*** Block opens ***

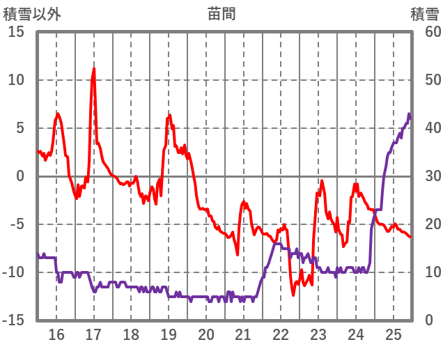 | 日 | 時 | 気温 | 降水 | 風向/風速 | 日照 | 積雪 | 降雪 |
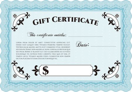 Formal Gift Certificate template. Sophisticated design. Vector illustration.With complex linear background.
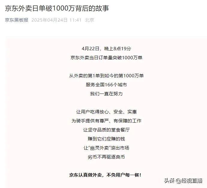 据京东黑板报官微消息,4月22日晚上8点19分,京东外卖当日订单量突破1000万单。
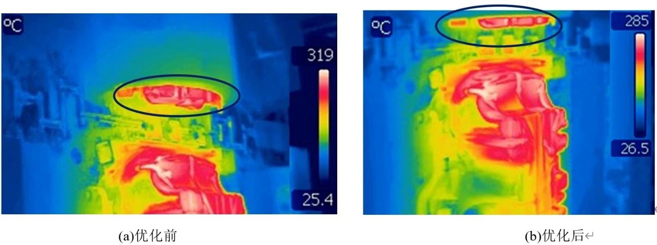 (2)模具優化后冷卻水帶走的熱量 在上滑塊上Qd 、Qw的變化忽略的情況下,模具優化后冷卻水帶走的總熱量Q2 = Q1+ Q'=0.0516α(Qd-Qw),冷卻能力是優化前的1.9倍。 5.優化設計的驗證 上滑塊結構優化加大冷卻能力后,上滑塊溫度得到有效改善,見圖5。優化前上滑塊噴涂前局部溫度最高為319 ℃,優化后同條件下局部溫度最高為285℃,溫度降低了34℃而且高溫區域明顯減小。優化后的模具按原工藝參數進行壓鑄,產品質量明顯改善。油底殼上滑塊4處預鑄孔內壁表面光滑,異形凹陷形狀處無粘料問題,徹底解決油底殼局部粘料擦傷的缺陷。優化后的模具經批量生產驗證,運行穩定可靠。
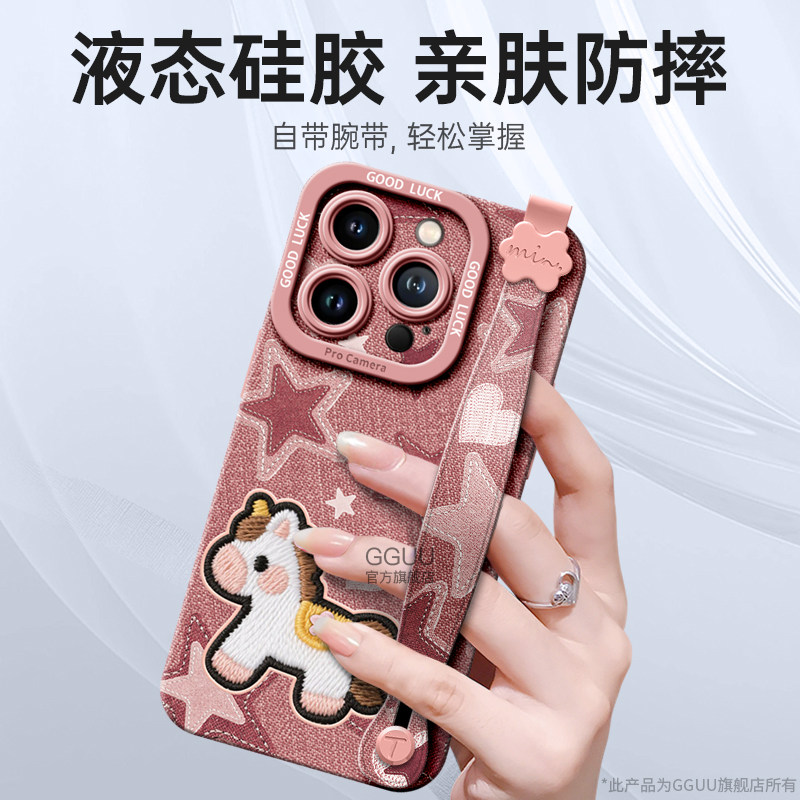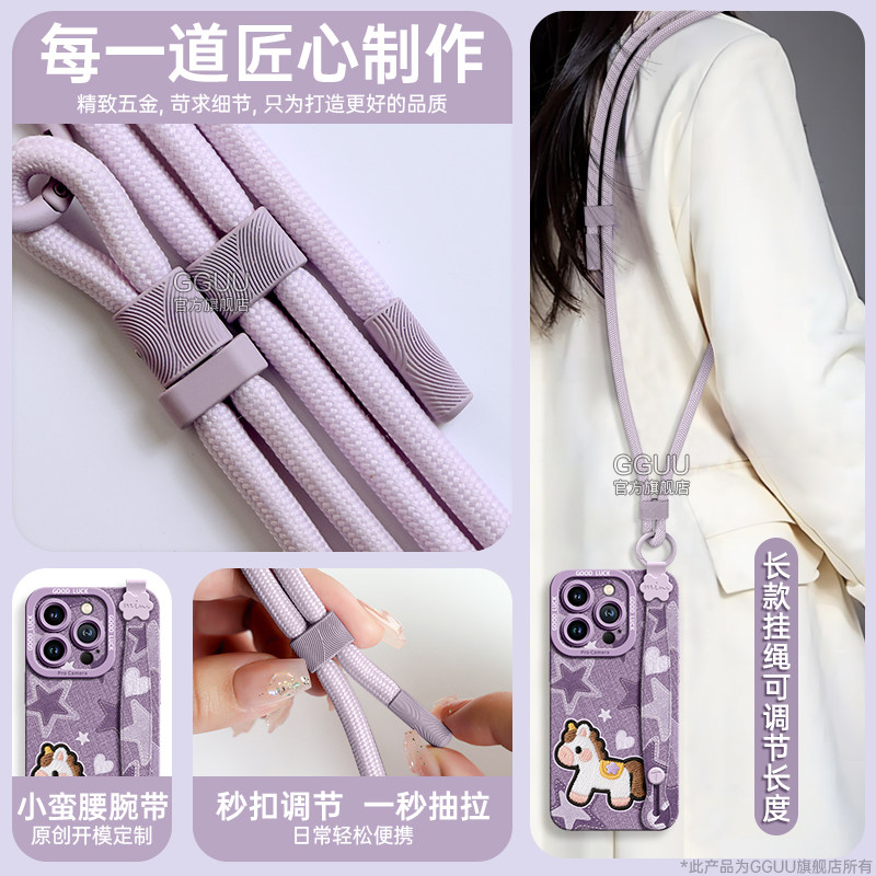 📚 GGUU适用苹果16promax手机壳iphone16pro套plus新款16腕15挂绳14硅胶13可背带斜挎链12星星小马11女的pro外ip

*** Block closes ***

Exercise details — Quote all of the entries word for word, omitting any pictures.

Result —
 | 日 | 時 | 気温 | 降水 | 風向/風速 | 日照 | 積雪 | 降雪 |
 Formal Gift Certificate template. Sophisticated design. Vector illustration.With complex linear background.
 据京东黑板报官微消息,4月22日晚上8点19分,京东外卖当日订单量突破1000万单。
 (2)模具優化后冷卻水帶走的熱量 在上滑塊上Qd 、Qw的變化忽略的情況下,模具優化后冷卻水帶走的總熱量Q2 = Q1+ Q'=0.0516α(Qd-Qw),冷卻能力是優化前的1.9倍。 5.優化設計的驗證 上滑塊結構優化加大冷卻能力后,上滑塊溫度得到有效改善,見圖5。優化前上滑塊噴涂前局部溫度最高為319 ℃,優化后同條件下局部溫度最高為285℃,溫度降低了34℃而且高溫區域明顯減小。優化后的模具按原工藝參數進行壓鑄,產品質量明顯改善。油底殼上滑塊4處預鑄孔內壁表面光滑,異形凹陷形狀處無粘料問題,徹底解決油底殼局部粘料擦傷的缺陷。優化后的模具經批量生產驗證,運行穩定可靠。
 📚 GGUU适用苹果16promax手机壳iphone16pro套plus新款16腕15挂绳14硅胶13可背带斜挎链12星星小马11女的pro外ip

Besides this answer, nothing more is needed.